**Provided material:**

——————————

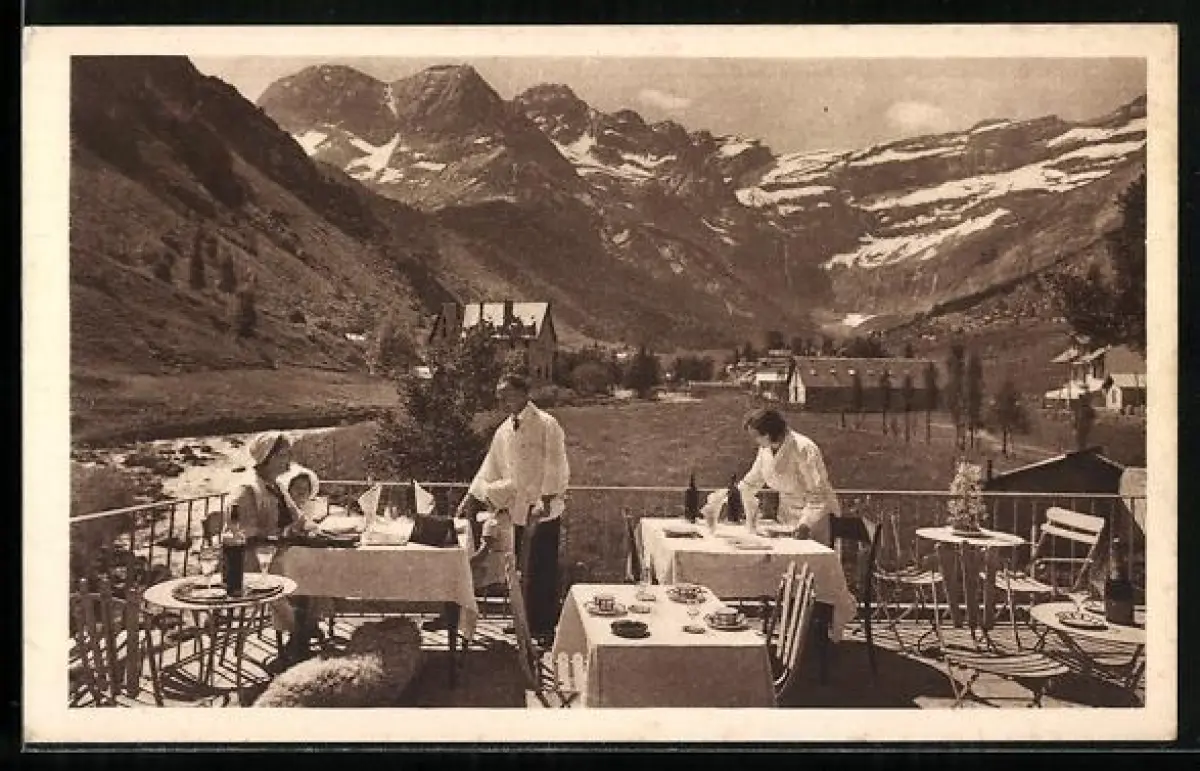 AK Gavarnie, Vue prise de la terrasse du Restaurant du Point de vue de la Cascade
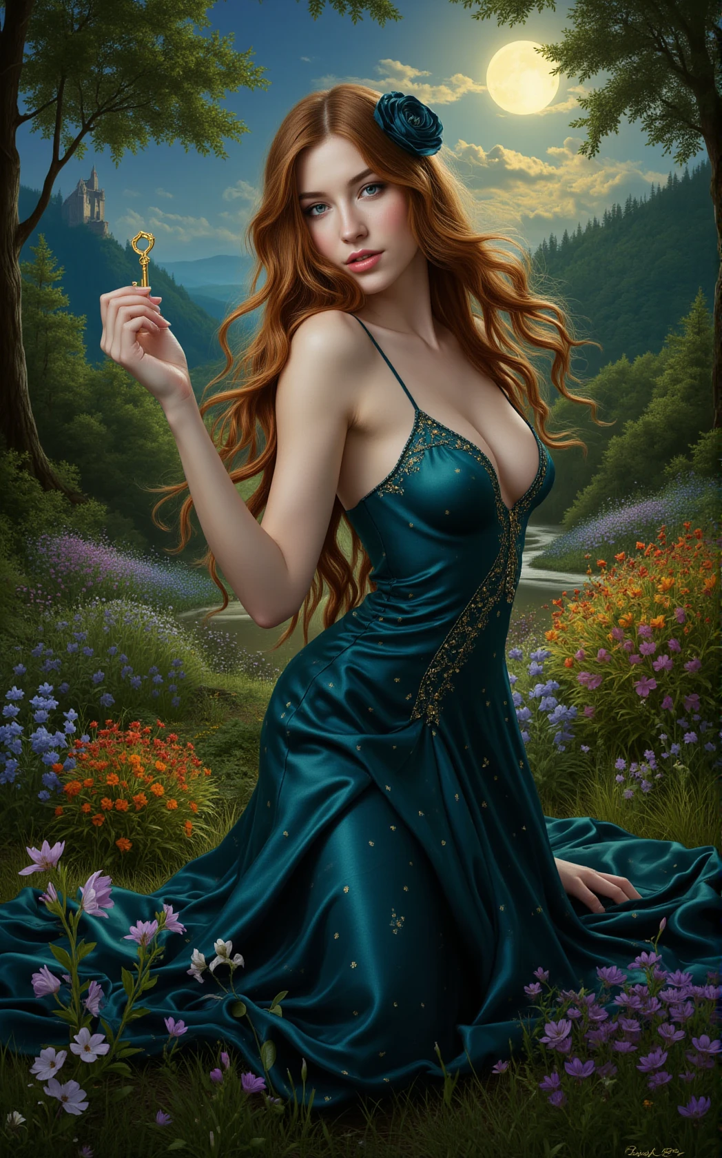 In the moonlight, a young woman with long, flowing auburn hair and an elegant hourglass figure kneels among a lush field of vibrant, dew-kissed flowers, holding a delicate, ornate key. She wears a deep-plunging, flowing gown of rich sapphire and emerald silk that glimmers softly in the silver light, adorned with subtle embroidery and tiny gems. Her serene face radiates a sense of magic and tranquility. In the distance, atop a gentle hill, a fairy-tale castle glows with golden light, surrounded by misty forests and sparkling streams. The oil painting is ultradetailed, warm, and luminous, evoking an idyllic, enchanted fantasy scene.
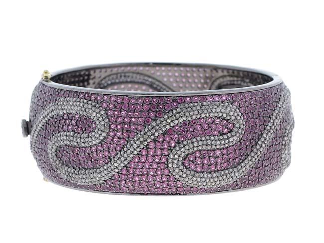 RHODOLITE AND DIAMOND CUFF BANGLE/Diamond Count 1:/Diamond Count 1 TCW:6.25/Diamond Color & Clarity:J-L/I1-I2/Diamond Count 2:/Diamond Count 2 TCW:/Diamond Color & Clarity:/Diamond Count 3:/Diamond Count 3 TCW:/Gemstone Count 1:/Gemstone Count 1 TCW:25.36/Dimension:/Metal Type:14k Gold Yellow Gold /Weight Gram:2.28over 0.925 Silver Sterling Silver /Weight Gram:52.21/Gross Weight:60.82
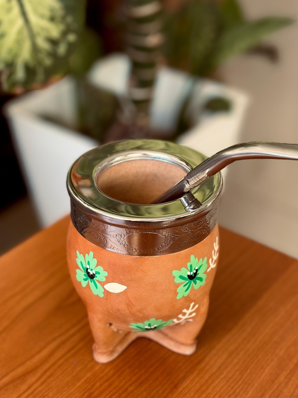 Mate imperial de madera de algarrobo, forrado en cuero, con virola de acero. Pintado a mano. El diseño de la virola puede variar.
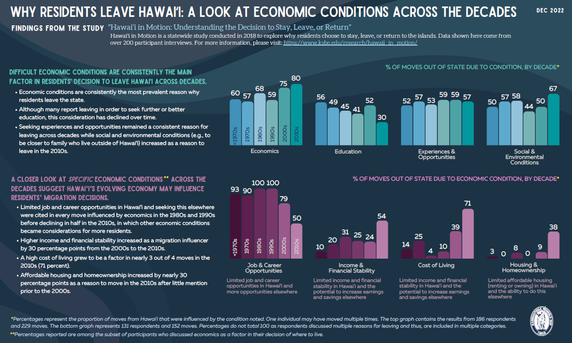 This infographic takes a closer look at how economics, education, social ties, and other experiences and opportunities afar influence decisions to leave Hawai‘i across time.
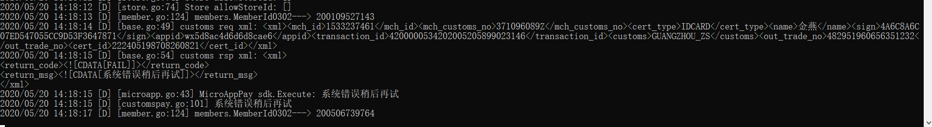 仔细对照过,参数都是正确的,之前的时候一直都是没有问题的,从昨天下午开始陆续报系统错误稍后再试。过一段时间就又能正常使用,以为能够正常使用了。但是,今天又返回系统错误稍后再试,麻烦看一下是什么问题?谢谢!

——————————

**Brief:** Please output the lines above beginning at the line with "In the moonlight, a" and ending after the line with "Mate imperial de", precisely as written and with no pictures.

**Answer box:**
 In the moonlight, a young woman with long, flowing auburn hair and an elegant hourglass figure kneels among a lush field of vibrant, dew-kissed flowers, holding a delicate, ornate key. She wears a deep-plunging, flowing gown of rich sapphire and emerald silk that glimmers softly in the silver light, adorned with subtle embroidery and tiny gems. Her serene face radiates a sense of magic and tranquility. In the distance, atop a gentle hill, a fairy-tale castle glows with golden light, surrounded by misty forests and sparkling streams. The oil painting is ultradetailed, warm, and luminous, evoking an idyllic, enchanted fantasy scene.
 RHODOLITE AND DIAMOND CUFF BANGLE/Diamond Count 1:/Diamond Count 1 TCW:6.25/Diamond Color & Clarity:J-L/I1-I2/Diamond Count 2:/Diamond Count 2 TCW:/Diamond Color & Clarity:/Diamond Count 3:/Diamond Count 3 TCW:/Gemstone Count 1:/Gemstone Count 1 TCW:25.36/Dimension:/Metal Type:14k Gold Yellow Gold /Weight Gram:2.28over 0.925 Silver Sterling Silver /Weight Gram:52.21/Gross Weight:60.82
 Mate imperial de madera de algarrobo, forrado en cuero, con virola de acero. Pintado a mano. El diseño de la virola puede variar.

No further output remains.